The rest of what Bud knows about Ben Bottoms is from snippets and snapshots, some drawn from his own memory, some from stories told by his mother. Bud remembers Ben teaching him to swim in the ocean off Gloucester, Massachusetts; riding on his shoulders to buy an ice cream cone; losing his sailor’s cap when they ran home to avoid a storm; unwrapping skis from Santa Claus. Bud always knew that the skis came from the other man in his life with a bushy beard.
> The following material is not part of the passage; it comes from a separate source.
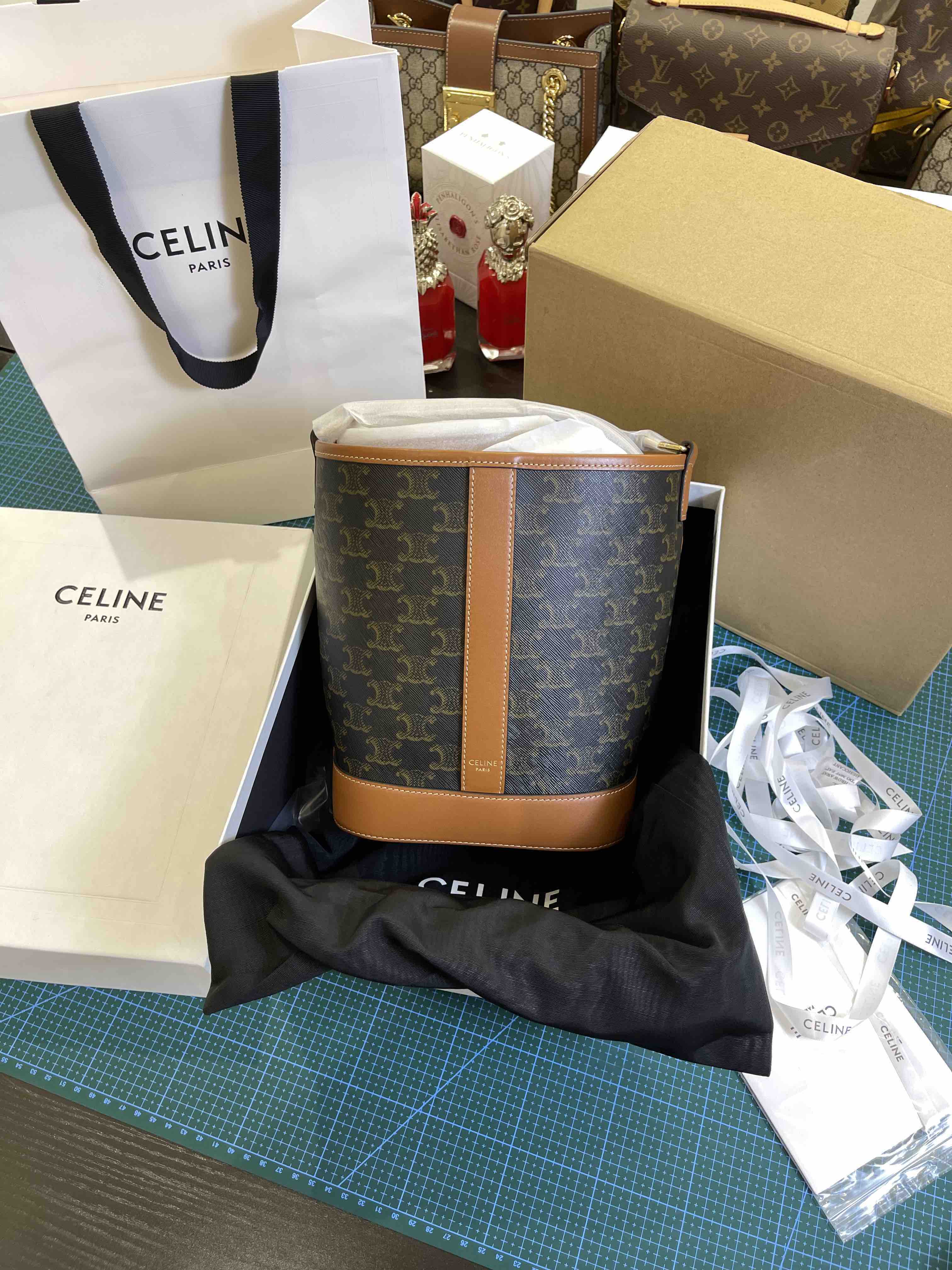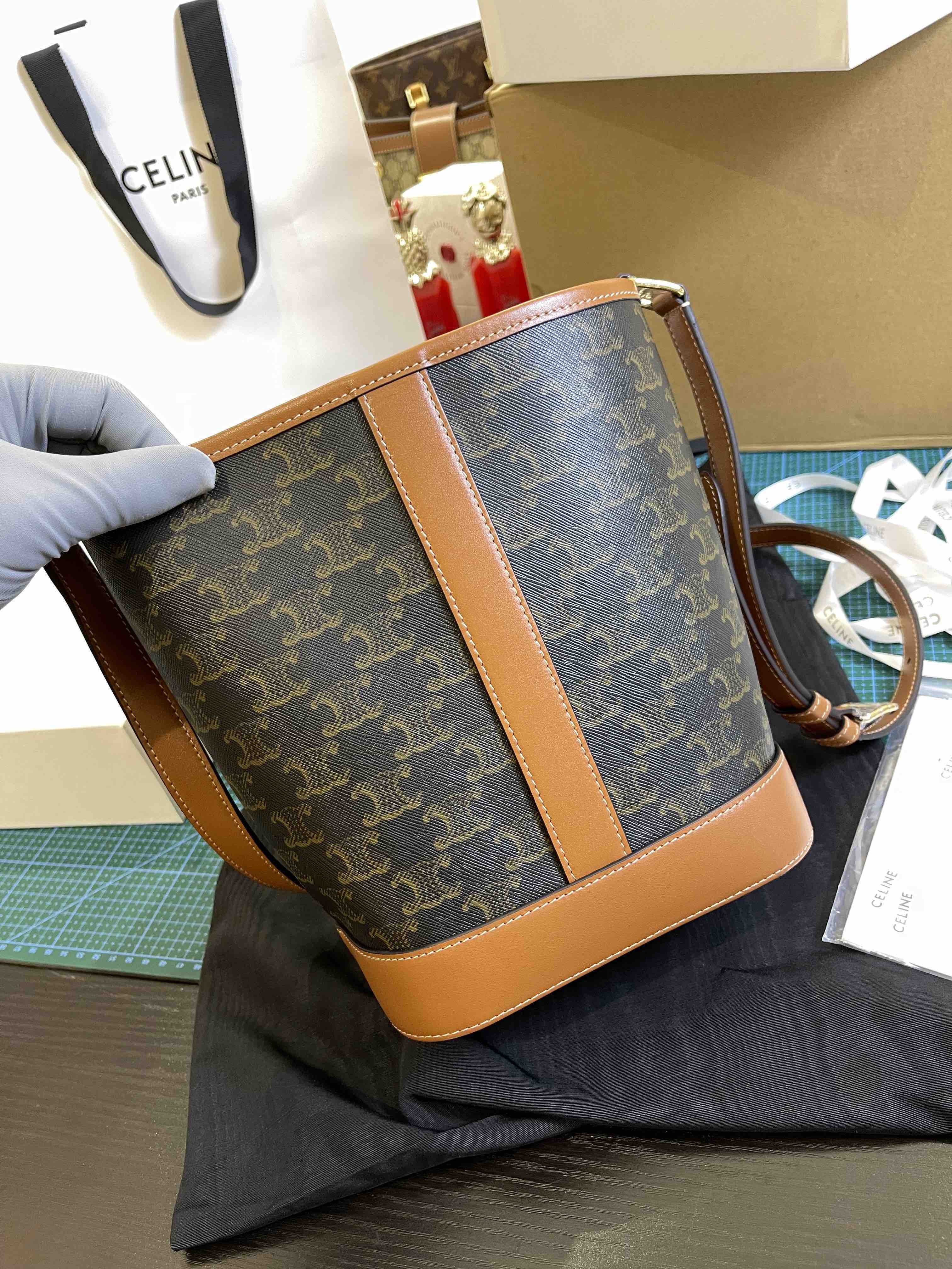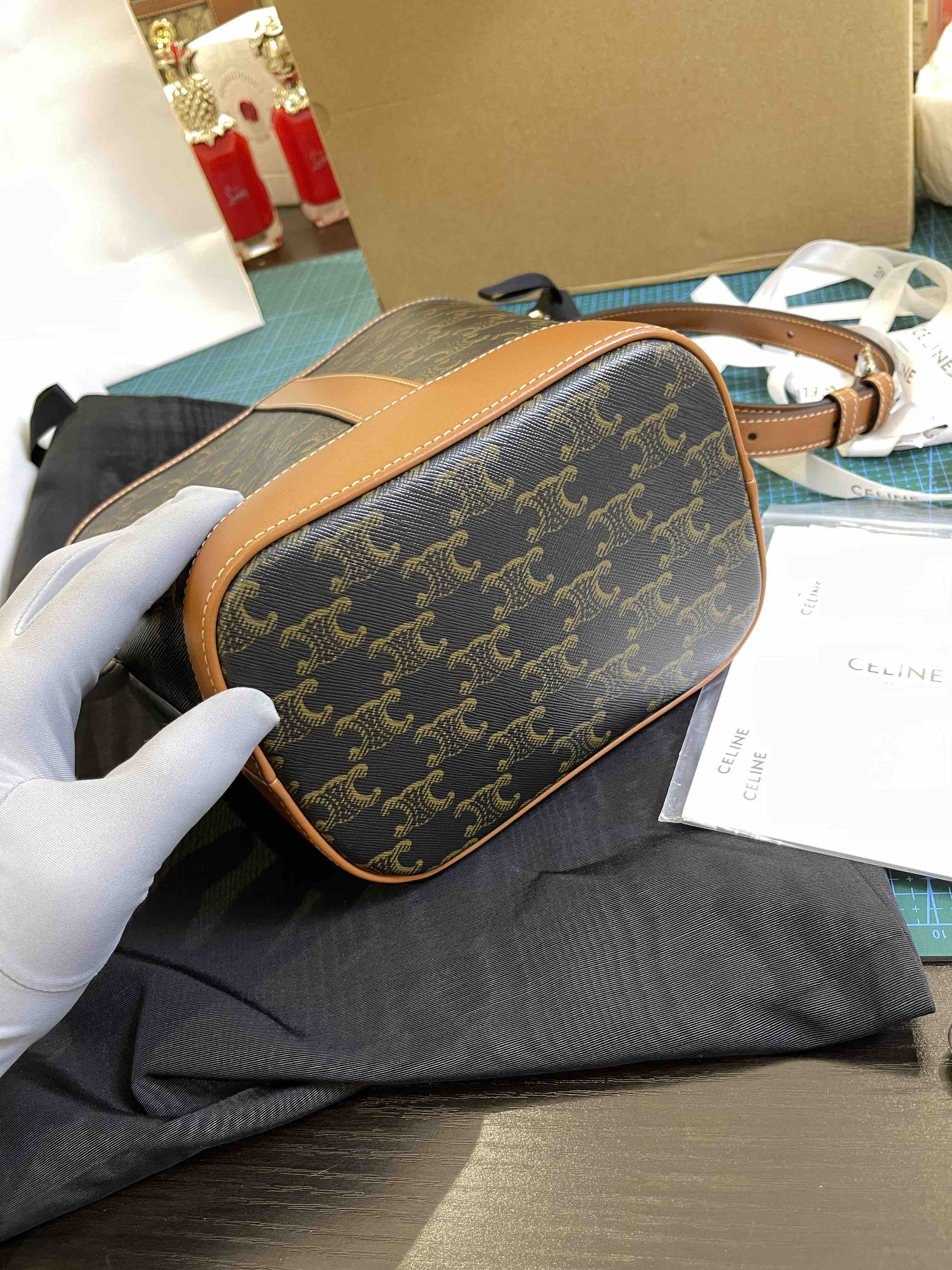 Celine原厂皮老花水桶包小号

Though unrelated by blood, these days he bears a distinct resemblance to his stepfather, with a rounded face and a receding hairline. He remembers his mother, Olga, a pretty woman with coal black hair, refusing to accept that her husband was dead. “She had a belief that maybe he was alive up there, maybe Eskimos rescued him.” Bud says she only relented after a Coast Guard officer assured her that a pilot had seen the wrecked Duck and the bodies of its crew. The part about the bodies was doubtful, but it had the desired effect, putting to rest Olga Bottoms’s dream that Ben had survived.
“As a young boy, I had illusions about going up there to Greenland and bringing his body back,” says Bud, a retired construction manager and stable owner. As he got older, he considered going to the Coast Guard Academy, but that plan washed away when his mother married a navy officer. Bud thinks the marriage was mostly designed to give him a secure home and a father figure.
If his stepfather were found, Bud says, he’d probably be buried at Arlington National Cemetery. But Bud wonders if instead Ben Bottoms should rest in his native Georgia. Either way, Bud wants him home. “I feel very good they’re going back to get him,” he says. “It’s just a shame it couldn’t have happened when my mother was alive. He was the love of her life.”
One more memory: when Bud was a boy he learned to play the trumpet, but the one song he could never play was “Taps.”
“I played it once and she totally broke up. I never did play it again. I knew why.”
JERRY HOWARTH WAS born in the same four-room log cabin in Wausaukee, Wisconsin, as his uncle Loren “Lolly” Howarth. Jerry was not yet two years old when the Duck crashed, so all he knew of his uncle were stories from his father, Loren’s younger brother.
“Loren was basically a country boy,” Jerry says. “Everybody worked together on the family farm. Lived off the land. There wasn’t much money to make. They’d hunt and fish. Deer, mostly. Duck, too.
“Everybody said he was awful quiet.”
There’s pride in his voice when Jerry says Loren was the first member of the family to go to college. “He washed dishes and worked in restaurants to make his way.”
As Loren Howarth’s PNOK, Jerry provided the Coast Guard’s John Long with a wristwatch that belonged to one of Loren Howarth’s brothers, from which a DNA sample was taken. “I wish my dad and his brothers and all of them were still here, but it’s a good idea to bring him home where he belongs.”
Marc Storch, a cousin by marriage, is the family historian and the keeper of Loren Howarth’s Legion of Merit, which he inherited from Loren’s widow, Irene.
“When she first showed it to me, she said it was Lolly’s and she smiled,” he says. “She said, ‘He was such a sweet boy.’ Remember, Irene was talking about someone who stopped growing old in 1942. There she is at one hundred and one years old. Lolly never got any further than his twenties. So Irene, eighty years later, is still seeing that boy, that young man.
“It means so much that Lolly could come home and be close to where his family is,” Marc says. “Even though it’s only a physical reuniting, having his remains back here would be important to those who remember him. It would also be important to those who know what he did to help save his crew.
“People should know about that, and what it cost him.”